LA MECQUE, 7 août (Le Parisien Matin) – L’Arabie saoudite, la Turquie et le Pakistan ont signé le 7 août l’Accord conjoint de défense de La Mecque, créant un dispositif trilatéral de défense collective.
Le texte stipula qu’une attaque armée contre l’un des trois États serait considérée comme dirigée contre les trois.
Il prolongea le pacte mutuel conclu entre Riyad et Islamabad en septembre 2025 et intervint dans un contexte de conflits régionaux, de tirs de missiles et de drones, d’insécurité sur les routes du Golfe et de la mer Rouge et de doutes sur les garanties de sécurité au Moyen-Orient.
Une clause de défense collective
Le cœur de l’annonce fut la clause de défense collective. Le dispositif reposa sur le principe qu’ « une attaque armée contre l’un des trois États sera traitée comme une attaque contre tous », Selon Pakistan Ministry of Foreign Affairs.
La formule rappela l’article 5 du Traité de l’Atlantique Nord. Elle ne créa pas pour autant une organisation comparable à l’OTAN. Un engagement mutuel ne constitua pas une alliance structurée avec commandement intégré.
Les trois États ne purent pas élargir par traité les cas autorisant le recours à la force. L’article 2(4) de la Charte des Nations unies prohiba la menace ou l’emploi de la force, tandis que l’article 51 préserva le droit de légitime défense lorsque ses conditions furent réunies.

L’héritage du pacte saoudo-pakistanais
L’accord ne partit pas de rien. Riyad et Islamabad entretinrent depuis des décennies une coopération faite de formation, d’exercices conjoints et de présence de personnels pakistanais dans le Royaume.
Son statut changea le 17 septembre 2025 avec l’Accord stratégique de défense mutuelle. Le communiqué déclara qu’
« une agression contre l’un des deux pays serait considérée comme une agression contre les deux »
Selon Pakistan Ministry of Foreign Affairs, et présenta le texte comme,
« renforçant la dissuasion conjointe ».
Cette formulation introduisit un principe explicite de défense mutuelle.

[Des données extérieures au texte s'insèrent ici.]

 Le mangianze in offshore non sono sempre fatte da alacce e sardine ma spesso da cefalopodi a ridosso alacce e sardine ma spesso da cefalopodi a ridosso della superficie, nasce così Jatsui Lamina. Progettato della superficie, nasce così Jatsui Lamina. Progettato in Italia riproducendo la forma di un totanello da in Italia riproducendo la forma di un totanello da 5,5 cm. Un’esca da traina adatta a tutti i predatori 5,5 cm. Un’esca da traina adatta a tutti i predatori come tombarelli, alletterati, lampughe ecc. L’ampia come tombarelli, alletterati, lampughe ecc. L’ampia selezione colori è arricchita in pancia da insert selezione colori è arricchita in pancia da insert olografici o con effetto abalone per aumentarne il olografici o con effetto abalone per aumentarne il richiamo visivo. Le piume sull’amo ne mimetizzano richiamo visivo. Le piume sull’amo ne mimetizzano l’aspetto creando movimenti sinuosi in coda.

L’engagement resta opérationnel en 2026 et servit de socle au nouvel arrangement trilatéral.
La Turquie apporta un pilier complémentaire. Ankara et Islamabad menèrent des exercices réguliers et coopérèrent dans le naval, l’aérien et la guerre électronique. Riyad et Ankara resserrèrent leurs liens industriels autour des drones.
Les obligations croisées de la Turquie
La participation turque ajouta un poids stratégique et une complexité juridique. La Turquie demeura membre de l’OTAN et liée par le Traité de l’Atlantique Nord.

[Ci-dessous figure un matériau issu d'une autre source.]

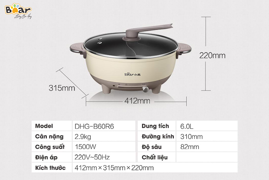 Nồi lẩu uyên ương Bear DHG-B60R6 được chế tạo từ hợp kim nhôm chất lượng cao chịu được nhiệt độ lến đến 1600ᵒC, bề mặt nhẵn mịn, chống mài mòn tốt, không gỉ, chống oxy hóa cao, đế PET cách điện và nắp kính cường lực cực bền.

L’article 5 ne l’obligea pas automatiquement à entrer en guerre, chaque allié prenant les mesures qu’il jugea nécessaires. L’article 6 limita sa portée géographique, de sorte que l’accord de La Mecque n’étendit pas la protection atlantique à Riyad ou Islamabad.

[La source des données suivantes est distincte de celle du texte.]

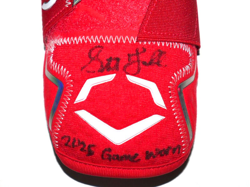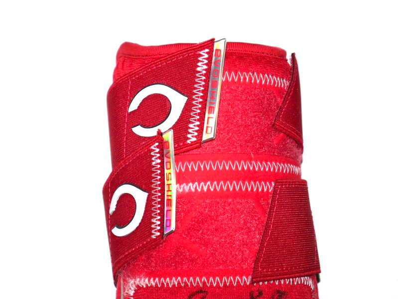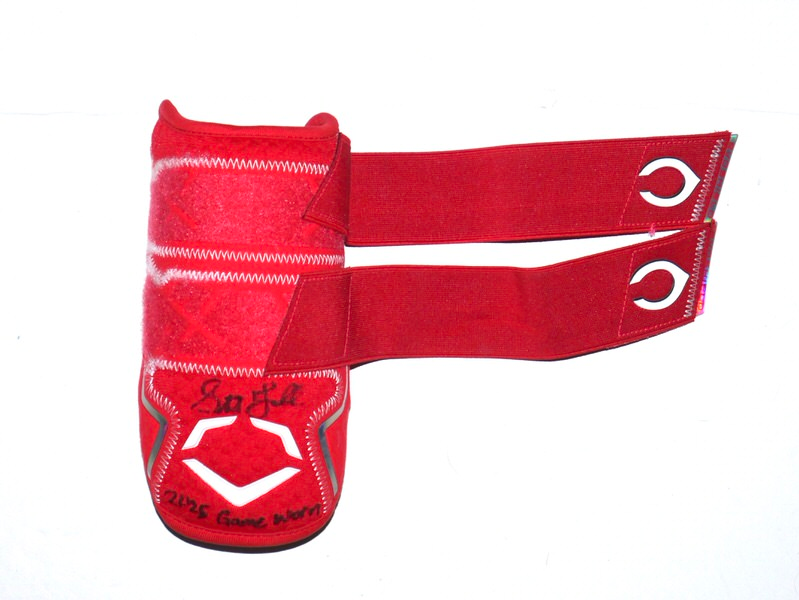 The featured Evoshield PRO-SRZ Batter’s Double Strap Elbow Guard was game worn by Stuart Fairchild in 2025 Spring Training as a member of the Cincinnati Reds. Fairchild played in 21 Games and had 45 plate appearances for the Reds. The talented outfielder signed the Elbow Guard and added “2025 Game Worn” in black. The Guard features a Cincinnati Reds player issued “FAIRCHILD 17” label. The Elbow Guard was obtained directly from Stuart Fairchild!
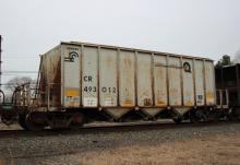 CR 493012 is seen in the consist of DCR-01 at Kirkwood, DE on 2/23/19. Car was built 12-91 by Trinity.

L’article 8 disposa que les membres ne contracteraient pas d’engagements en contradiction avec le traité. La Turquie présenta le nouvel arrangement comme compatible avec ses engagements existants, comme l’a rapporté Reuters.
Une demande d’assistance hors cadre de l’article 5 ne créa pas en soi de conflit de traités. Le risque serait apparu si le pacte avait exigé d’Ankara une action incompatible avec ses obligations atlantiques ou avec la Charte.

La question nucléaire
L’identité des parties souleva une autre interrogation. Le Pakistan posséda l’arme nucléaire sans être partie au Traité sur la non-prolifération. L’Arabie saoudite et la Turquie furent parties au TNP comme États non dotés.
Aucun élément public n’établit que le Pakistan se soit engagé à employer ou menacer d’employer l’arme nucléaire pour ses partenaires. Le texte confirmé décrivit un engagement défensif sans disposition nucléaire identifiée.
La détention pakistanaise put peser dans le calcul d’un adversaire, sans constituer une garantie juridique. L’assistance put recouvrir du renseignement, de la défense aérienne ou de la logistique.
Sur le plan du TNP, l’article II interdirait tout transfert d’armes nucléaires ou de leur contrôle vers un État non doté. Aucune information n’indiqua un tel transfert.
Un texte encore partiel
Le bilan public resta incomplet. L’annonce confirma l’engagement collectif, mais le texte intégral et les obligations militaires détaillées ne furent pas rendus publics, selon Pakistan Ministry of Foreign Affairs et Reuters.
Il fut impossible de déterminer si l’assistance fut automatique, quelles formes elle dut prendre, comment l’accord définit une attaque armée ou quelles limites territoriales s’appliquèrent. Aucune structure de commandement intégrée, aucun conseil politique permanent et aucun mécanisme public d’adhésion ne furent démontrés.